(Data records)
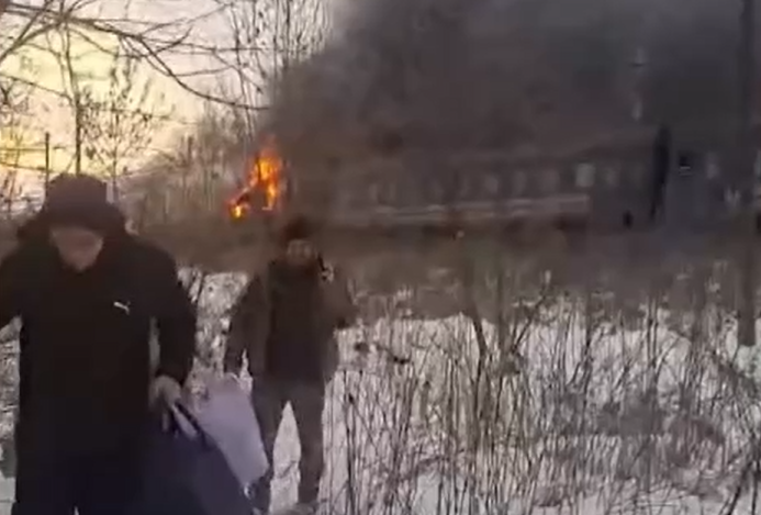 Según los testigos y como se ve en los vídeos que han compartido algunos pasajeros, uno de los coches del tren se incendió después del impacto directo de un dron, obligando a los más de 200 pasajeros -entre los que había mujeres y niños pequeños- a evacuar de urgencia con el tren detenido junto a un bosque completamente nevado.
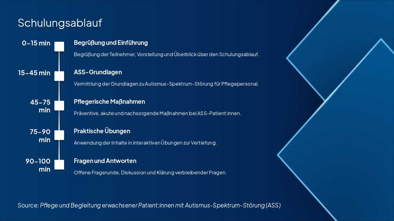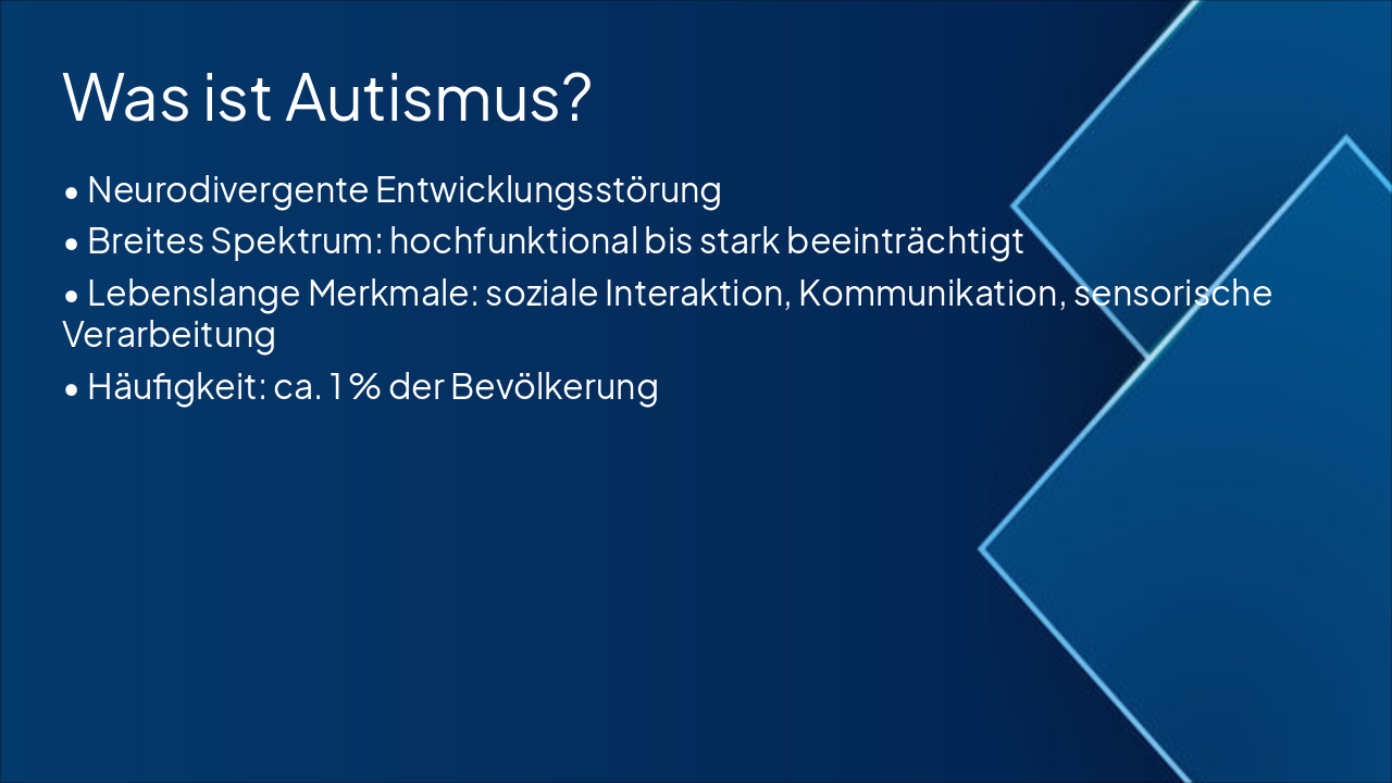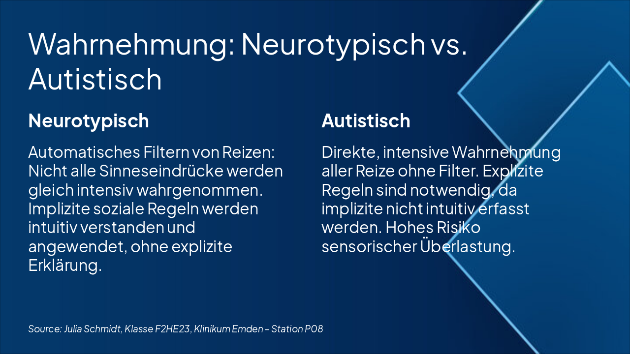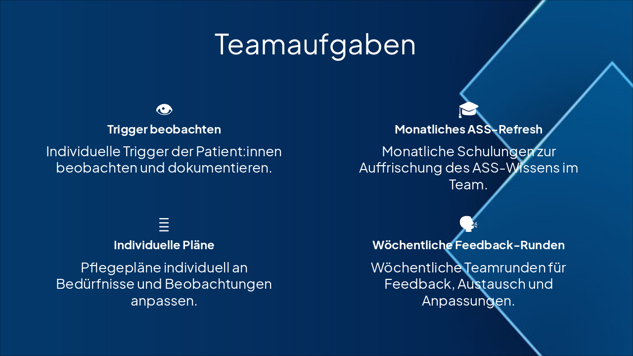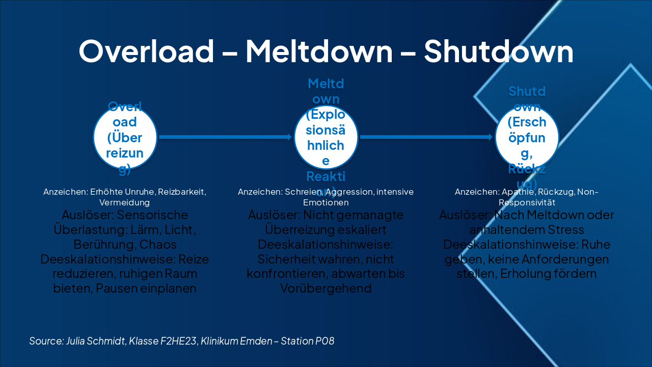 { "headers": [ "Phase", "Anzeichen", "Auslöser", "Deeskalationshinweise" ], "rows": [ [ "Overload (Überreizung)", "Erhöhte Unruhe, Reizbarkeit, Vermeidung", "Sensorische Überlastung: Lärm, Licht, Berührung, Chaos", "Reize reduzieren, ruhigen Raum bieten, Pausen einplanen" ], [ "Meltdown (Explosionsähnliche Reaktion)", "Schreien, Aggression, intensive Emotionen", "Nicht gemanagte Überreizung eskaliert", "Sicherheit wahren, nicht konfrontieren, abwarten bis Vorübergehend" ], [ "Shutdown (Erschöpfung, Rückzug)", "Apathie, Rückzug, Non-Responsivität", "Nach Meltdown oder anhaltendem Stress", "Ruhe geben, keine Anforderungen stellen, Erholung fördern" ] ] }
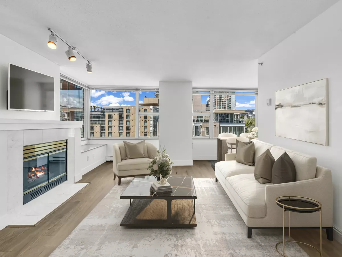 Welcome to 888 Beach. Great opportunity to secure a home in the desirable Beach District. Close to the Seawall, English Bay, Granville Island, Downtown and many restaurants/shops in trendy Yaletown. This complex has a 24-hr Concierge, gym, indoor pool, sauna, EV (shared) and a private inner courtyard with greenery/reflecting pool. This 2 bed, 2 bath southwest-facing condo has a view of the marina and features engineered HW floors throughout with a gas fireplace in the living room. The kitchen has granite countertops and updated S/S appliances. The primary bedroom is large enough for a king-sized bed. Includes 2 parking & 1 storage. Some photos are virtually staged.
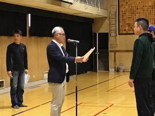 今年度は、本校が七校園の幹事校のため、閉会式では、PTA会長の司会のもと、校長先生が表彰状やトロフィーを授与しました。無事に終了いたしました。みなさん、ありがとうございました。
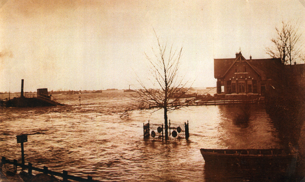 Zwart-wit foto van het hoogwater Wilhelminaplein in ...
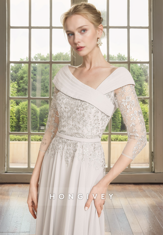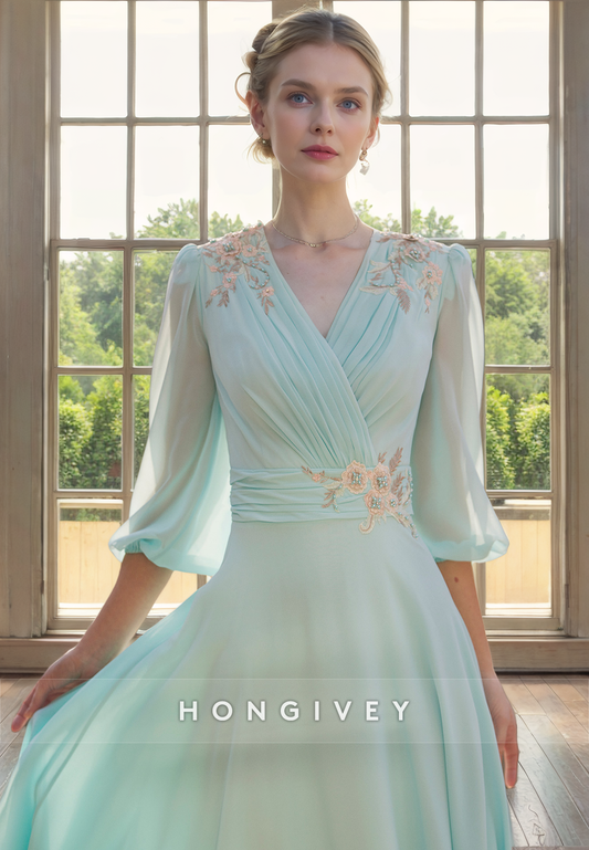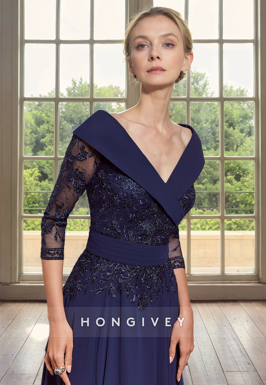 Classic V-Neck 3/4 Sleeves Lace Applique Mother of the Bride Dress
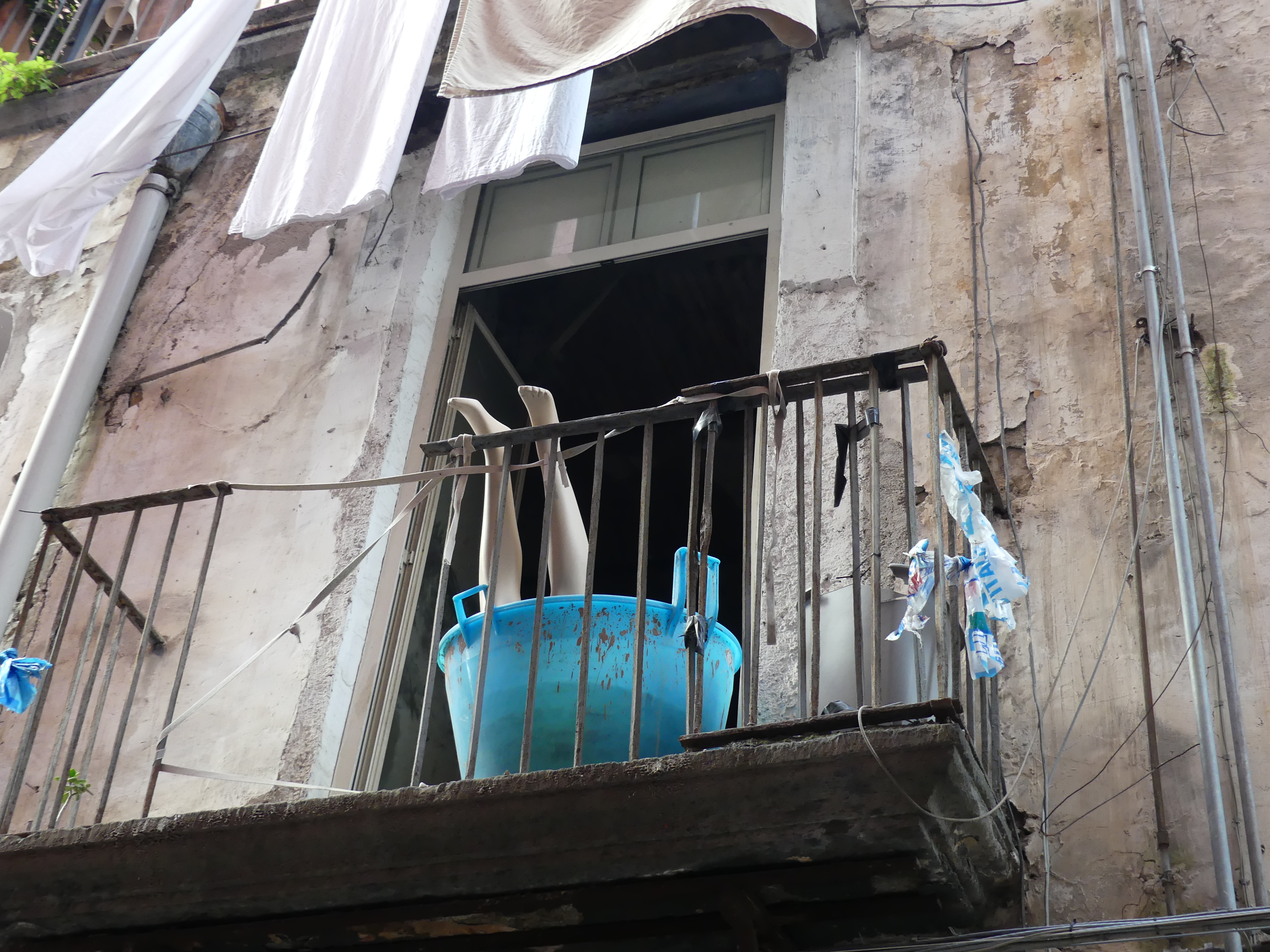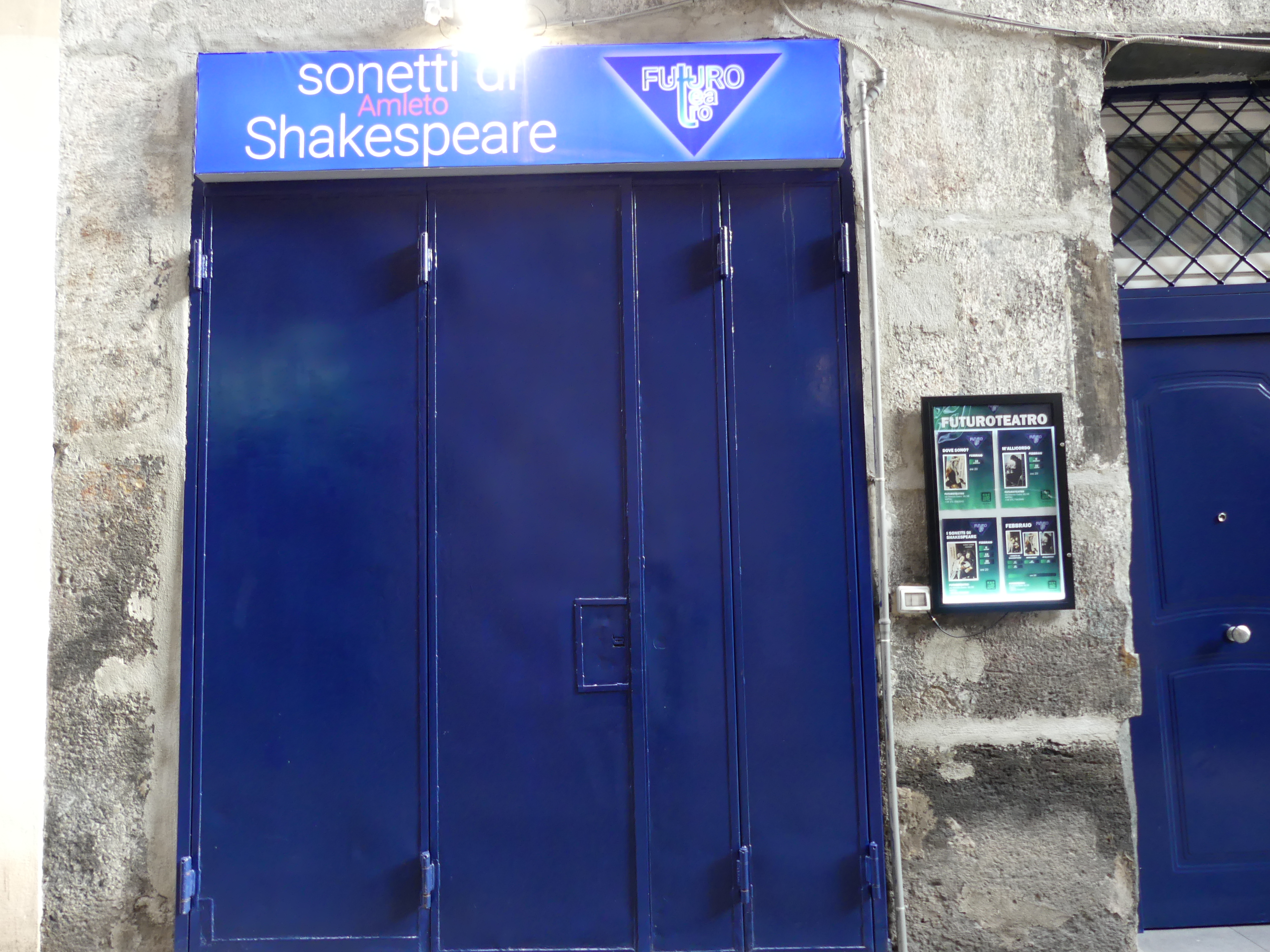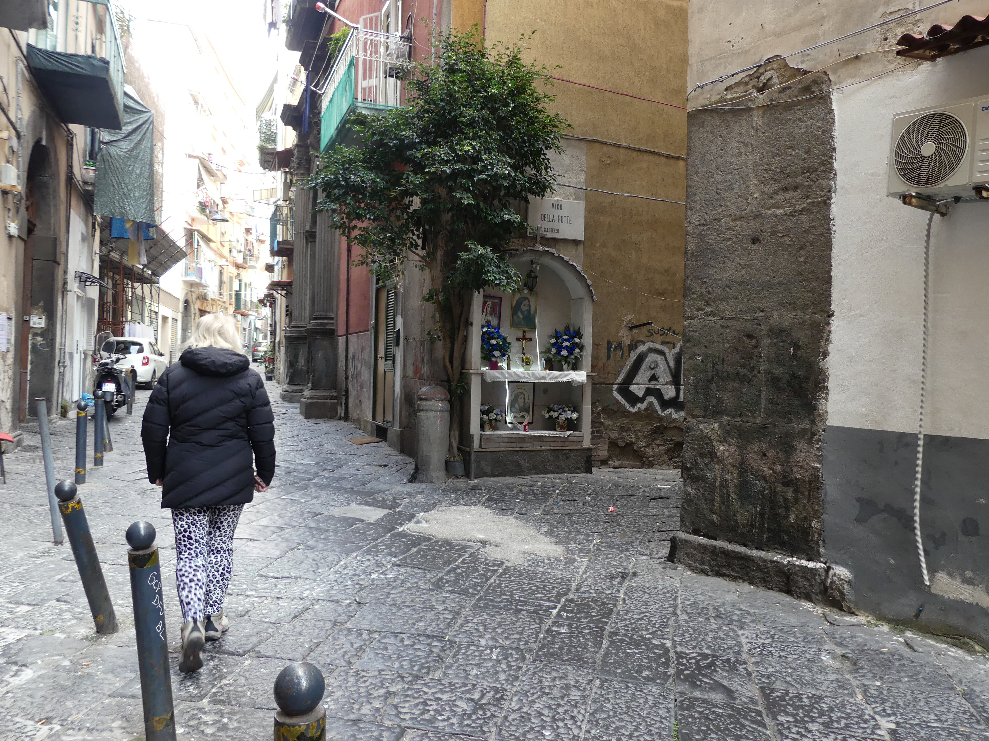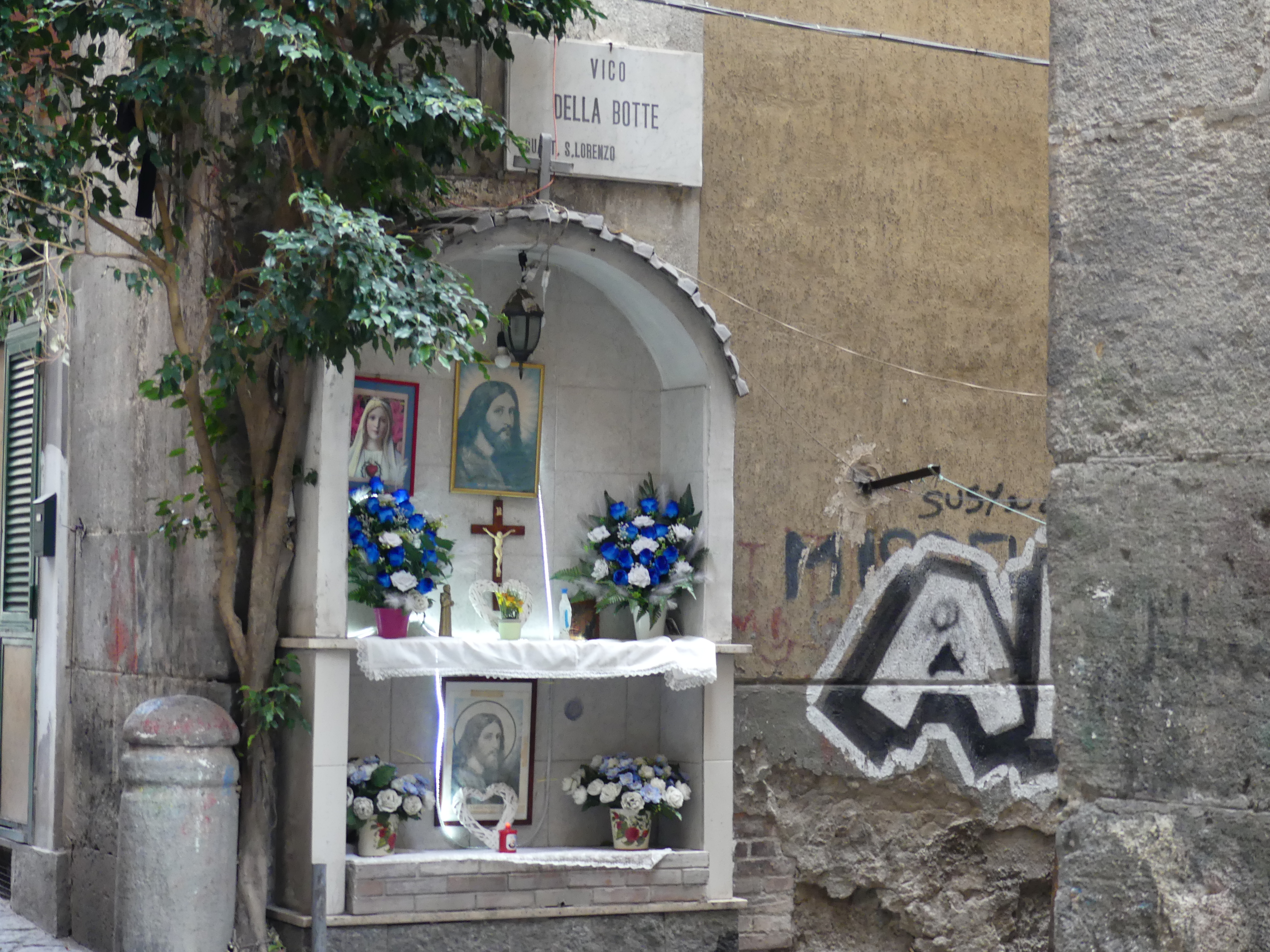 The following morning it was breakfast first before our big day in the old town. One of the first shops we encountered was the Italian Bunnings hardware store. A further surprise awaited us when we passed a theatre presenting Sonetti de Amleto (Sonnets of Hamlet). Shakespeare in Naples. The streets were narrow and the buildings dirty and tired sometimes decorated with street art or a chapel for worship.

◆ About this task ◆
When you copy the records above, keep every word exact and leave out the pictures they contain.

◆ Expected answer ◆
 Según los testigos y como se ve en los vídeos que han compartido algunos pasajeros, uno de los coches del tren se incendió después del impacto directo de un dron, obligando a los más de 200 pasajeros -entre los que había mujeres y niños pequeños- a evacuar de urgencia con el tren detenido junto a un bosque completamente nevado.
 { "headers": [ "Phase", "Anzeichen", "Auslöser", "Deeskalationshinweise" ], "rows": [ [ "Overload (Überreizung)", "Erhöhte Unruhe, Reizbarkeit, Vermeidung", "Sensorische Überlastung: Lärm, Licht, Berührung, Chaos", "Reize reduzieren, ruhigen Raum bieten, Pausen einplanen" ], [ "Meltdown (Explosionsähnliche Reaktion)", "Schreien, Aggression, intensive Emotionen", "Nicht gemanagte Überreizung eskaliert", "Sicherheit wahren, nicht konfrontieren, abwarten bis Vorübergehend" ], [ "Shutdown (Erschöpfung, Rückzug)", "Apathie, Rückzug, Non-Responsivität", "Nach Meltdown oder anhaltendem Stress", "Ruhe geben, keine Anforderungen stellen, Erholung fördern" ] ] }
 Welcome to 888 Beach. Great opportunity to secure a home in the desirable Beach District. Close to the Seawall, English Bay, Granville Island, Downtown and many restaurants/shops in trendy Yaletown. This complex has a 24-hr Concierge, gym, indoor pool, sauna, EV (shared) and a private inner courtyard with greenery/reflecting pool. This 2 bed, 2 bath southwest-facing condo has a view of the marina and features engineered HW floors throughout with a gas fireplace in the living room. The kitchen has granite countertops and updated S/S appliances. The primary bedroom is large enough for a king-sized bed. Includes 2 parking & 1 storage. Some photos are virtually staged.
 今年度は、本校が七校園の幹事校のため、閉会式では、PTA会長の司会のもと、校長先生が表彰状やトロフィーを授与しました。無事に終了いたしました。みなさん、ありがとうございました。
 Zwart-wit foto van het hoogwater Wilhelminaplein in ...
 Classic V-Neck 3/4 Sleeves Lace Applique Mother of the Bride Dress
 The following morning it was breakfast first before our big day in the old town. One of the first shops we encountered was the Italian Bunnings hardware store. A further surprise awaited us when we passed a theatre presenting Sonetti de Amleto (Sonnets of Hamlet). Shakespeare in Naples. The streets were narrow and the buildings dirty and tired sometimes decorated with street art or a chapel for worship.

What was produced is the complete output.